STATE OF MINNESOTA
IN COURT OF APPEALS
Valerie Bedsted, et al.,
Illinois Farmers Insurance Company,
Filed January 11, 2000
Olmsted County District Court
File No. C4983699
George F. Restovich, Richard W. Kimlinger, George F. Restovich & Associates, 117 East Center Street, Rochester, MN 55904 (for appellants)
J. Mark Catron, Carrie L. Hund, Hansen, Dordell, Bradt, Odlaug & Bradt, P.L.L.P., 3900 Northwoods Drive, Suite 250, St. Paul, MN 55112-6973 (for respondent)
Considered and decided by Amundson, Presiding Judge, Kalitowski, Judge, and Harten, Judge.
This case arises from an arbitration of appellants' claim for underinsured motorist benefits against respondent, their automobile insurer. Appellants argue the district court erred in refusing to vacate the arbitration award for evident partiality. We affirm.
The record indicates the arbitration hearing was held on Friday, October 2, 1998, and the three arbitrators deliberated in the afternoon following the hearing. It is undisputed that when deliberations ended, the neutral arbitrator stated he needed to "sleep on it" before making his decision. The district court found, based on the neutral arbitrator's sworn affidavit, that the neutral arbitrator reached his own decision over the weekend and drafted the award accordingly.
Appellants argue that the neutral arbitrator gave the impression of partiality by two subsequent contacts with respondent's arbitrator. We disagree. The record supports the district court's findings that: (1) both of the contacts occurred after the neutral arbitrator reached his decision; (2) the two arbitrators did not discuss the merits of the dispute; and (3) the contacts did not alter the neutral arbitrator's decision.
Appellants rely on their arbitrator's belief that the neutral arbitrator agreed with appellants' position when deliberations ended late Friday afternoon. But this belief does not support a finding of partiality. No vote was taken at that time and all the arbitrators agree that the neutral arbitrator said he needed to "sleep on it" before making a final decision. The record supports the district court's finding that the neutral arbitrator reached his decision and prepared the award over the weekend before any further contacts.
Appellants also argue there was evident partiality because the neutral arbitrator did not disclose that he was simultaneously participating in another arbitration with respondent's arbitrator. We disagree. A neutral arbitrator must disclose
any relationships the person has with any of the parties, their counsel, insurers, or representatives and any conflict of interest, or potential conflict of interest, the person may have.
Minn. Stat § 572.10, subd. 2(b) (1998). Arbitration awards have been reversed where the nature of the alleged improper relationship was long-standing and repeated. But more limited contacts generally do not constitute evident partiality.
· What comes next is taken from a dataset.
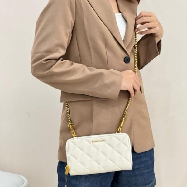 Charles & Keith CK Chain On Wallet With OG Box & Dust Bag (White – 860)

See, e.g., Ronning v. Citizens Sec. Mut. Ins. Co., 557 N.W.2d 363, 366-67 (Minn. App. 1996) (holding that neutral arbitrator's failure to disclose relationship to one of the party's attorneys was not a basis to vacate the award where there was no evidence that the conflict impacted the decision or "tainted the outcome").
We conclude that the facts here do not support a duty to disclose. The two arbitrations involved separate and unrelated matters. Moreover, there is no evidence that the two arbitrators have a long-standing relationship or that the contact in the other arbitration had any effect on the decision in this matter.
Finally, because we agree with respondent that the district court did not err in denying appellants' motion to vacate, we need not address respondent's argument regarding insufficient service of process.